Pace Gallery – Until Jul 16, 2022 Los Angeles (US)
Pace is pleased to present an exhibition of works by American sculptor Tony Smith. He imbued minimalist structures with spiritual import, in his new West Coast flagship in Los Angeles.
Marking the gallery’s second showing in its recently opened space, the exhibition brings together sculptures and paintings created over two decades. Focusing on the organic forms that make up much of Smith’s work.
Although he became widely known for his sculptures, Smith began his career as an architect, working with Frank Lloyd Wright on Usonian houses. Then, other projects in the late 1930s and early 1940s. The artist worked as a freelance architectural designer before developing his prolific sculptural practice in the mid and late 1950s.

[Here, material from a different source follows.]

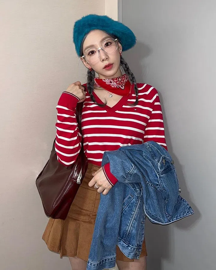 最近太妍在音乐圈越来越活跃,才刚公布加入女团特别企划GOT the beat,SM娱乐在 1月26日又宣布太妍的第三张专辑《INVU》将于2月14日推出。太妍近日的造型也非常多变,这身充满文艺气息的造型,以条纹V领上衣和棕色迷你百褶短裙为基础,再用印花丝巾、毛绒贝雷帽、牛仔外套、眼镜和深褐色包包进行搭配,层次感丰富。

Smith often drew inspiration for his dynamic geometric abstractions from phenomena in the natural world. Through his works, Smith investigated the formal possibilities of crystal structures, including octahedra and tetrahedra. Embracing the imaginative effects of chance and chaos, the artist produced sculptures that forged a new language of abstraction amid the rise of minimalism. Deeply engaged in architecture, science, mathematics and philosophy. Smith’s works offer new ways of understanding and experiencing their environment. “I think of art as something vast,” Smith said in a 1966 interview with Artforum, adding, “I’m interested in the inscrutability and the mystery of the thing.” Pace Gallery has had a long relationship with Smith over his lifetime, and he began representing the Tony Smith Estate in 2017.

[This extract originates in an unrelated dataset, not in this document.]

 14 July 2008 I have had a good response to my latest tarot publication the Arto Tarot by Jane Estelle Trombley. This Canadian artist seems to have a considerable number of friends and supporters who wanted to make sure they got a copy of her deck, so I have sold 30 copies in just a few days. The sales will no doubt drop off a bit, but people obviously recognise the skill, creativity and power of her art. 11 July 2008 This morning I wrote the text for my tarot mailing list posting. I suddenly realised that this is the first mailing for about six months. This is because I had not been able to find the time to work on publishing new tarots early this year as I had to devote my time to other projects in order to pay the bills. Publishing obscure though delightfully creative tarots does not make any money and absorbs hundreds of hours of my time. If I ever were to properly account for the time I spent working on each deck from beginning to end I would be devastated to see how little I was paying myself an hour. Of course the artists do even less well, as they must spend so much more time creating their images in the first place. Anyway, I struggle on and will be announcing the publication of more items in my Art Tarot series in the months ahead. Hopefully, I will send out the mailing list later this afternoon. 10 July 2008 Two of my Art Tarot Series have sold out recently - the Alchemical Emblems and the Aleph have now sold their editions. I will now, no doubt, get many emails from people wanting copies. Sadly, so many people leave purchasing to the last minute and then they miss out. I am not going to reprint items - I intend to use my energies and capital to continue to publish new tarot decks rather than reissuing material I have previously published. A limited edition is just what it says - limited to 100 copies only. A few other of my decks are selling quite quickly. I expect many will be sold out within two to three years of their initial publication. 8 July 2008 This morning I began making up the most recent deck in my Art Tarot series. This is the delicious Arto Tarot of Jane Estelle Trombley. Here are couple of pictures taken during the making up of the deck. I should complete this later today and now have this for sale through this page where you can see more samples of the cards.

Hawaii in the summer of 1969.
At the Pace Gallery in Los Angeles, whose architecture features a unique integration of natural light and indoor-outdoor space, Smith’s sculptures will take on new associations and meanings. The exhibition will feature small and large-scale works, including four sculptures from the artist’s For series. Smith began working on the series while teaching at the University of Hawaii in the summer of 1969. He dedicated the nine welded bronze and black patina sculptures in this body of work to nine friends, including several were his colleagues in Hawaii. The titles of these works incorporate the initials of the people whose names they bear.